There are many ways to ride a wave using surprisingly more surf craft than one could imagine. But can the Laser Olympic sailboat do it?

We've seen people taking on swells with the most unusual and unexpected types of wave-riding vehicles: doors, tables, wooden planks, ice sheets, ironing boards, and even televisions.

However, catching waves with sailboats is a different league.

Sailing boats are heavy and harder to steer and control than a standard surfboard. Obviously, right?

It depends.

The World's Most Popular One-Design Sailboat

Take the famous single-handed, one-design Laser, also known as the ILCA dinghy.

The boat weighs approximately 59 kilograms (130 pounds). The hull is 4.23 meters (13.875 feet) in length, with a beam (width) of 1.42 meters (4.658 feet).

It is equipped with a daggerboard and a kick-up rudder, allowing for efficient sailing in various wind conditions.

The standard rig has a sail area of approximately 7.06 square meters (76 square feet).

While sailing the Laser, there are a lot of things to do simultaneously.

The Laser sailboat was designed in 1969 by Canadian Bruce Kirby and American industrial designer Ian Bruce.

Initially conceived as a simple boat that could be carried on a car roof, it quickly became popular due to its straightforward design, affordability, and ease of use.

The prototype, initially called the "Weekender," was later renamed the "Laser," reflecting its sleek and fast design.

The International Laser Class Association (ILCA) gained significant recognition when it was selected as an Olympic class in 1996, further solidifying its status in competitive sailing.

The Laser is one of the most popular single-handed dinghies in the world, with over 215,000 boats built.

It has active fleets in many countries and is sailed by people of all ages.

Laser Surfing

One thing is riding a Laser sailboat in unbroken swells in an open ocean.

Another thing is taking this dinghy along with the mast and sail into near-shore surf breaks in six-foot conditions and share the lineup with shortboard surfers.

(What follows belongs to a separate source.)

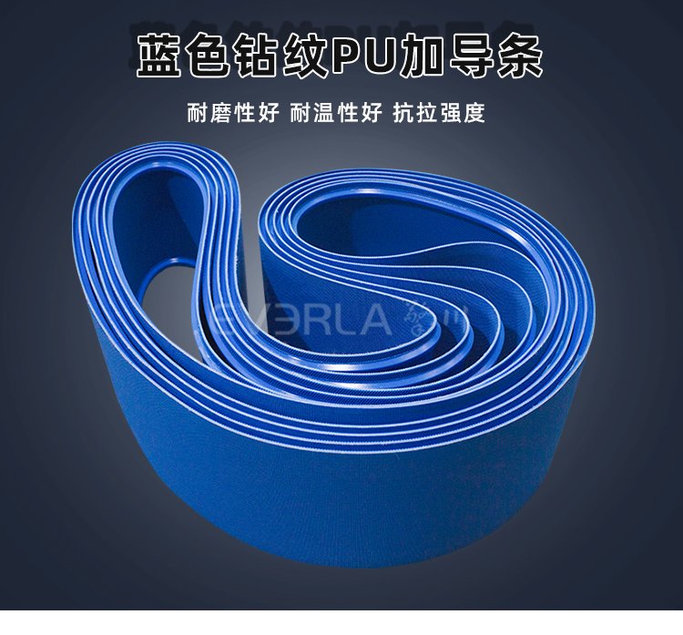 藍色鉆紋PU加導條的輸送帶主體材質為聚氨酯(PU)。聚氨酯材料賦予該PU輸送帶耐油、耐磨及耐寒特性。這種材料特性使其適應食品加工環境中的復雜工況,適用于糖果、餅干、肉類等物料的輸送環節。
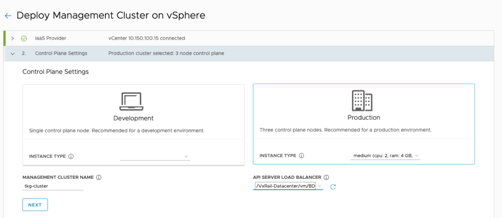 Figure 6 – Example Input for TKG deployment, selecting the control plane settings, and identifying the Templates uploaded to our environment as part of the prerequisites.

Two Olympic ILCA sailors have done it with impressive results.

One of them is Aruban Laser specialist Just van Aanholt, who published a compilation of his wave-riding skills at Scheveningen, Netherlands, and Islote the Lobos, Canary Islands.

It's impressive how this Olympic sailor manages to keep his boat on an optimal surf line without capsizing or digging the bow underwater.

Most of the time, we are sailing and surfing waves far out at sea, but occasionally, for fun, we surf the bigger waves closer to shore when the conditions are nice," van Aanholt told SurferToday.

"Surfing those waves is similar to normal surfing, where you want to position yourself in a way that you are near the peak but not too close."

"We accelerate by pulling in the sail, which is called a pump and once you have speed, you want to tighten your sail because the wind direction changes (similar to when you put your hand outside of the car, the wind is always coming from the front), the nice thing about having the sail is that you still have acceleration so you can easily change direction."

"I also always like to put up my centerboard a bit so that there is not too much resistance when I am a bit on the side of the wave."

"The key is to get off the wave before the whitewash, so I like to position myself a bit away from the peak."

"But if occasionally I do end up in the whitewash, I just go with it and focus on keeping the boat flat."

"The feeling of surfing waves in a Laser is amazing as you are able to surf it for a long time."

Then, there's the infamous video featuring Brazilian sailor Mateus Tavares taking on overhead waves at Farol da Barra near Salvador da Bahia, Brazil.

Tavares casually sails over incoming swells before turning around and dropping into the critical section, where the wave crests start to crumble.

Imagine a point break for dinghies. And now, imagine filling a sail with wind instead of arm power to propel you into a wave.

It takes skills and a lot of confidence.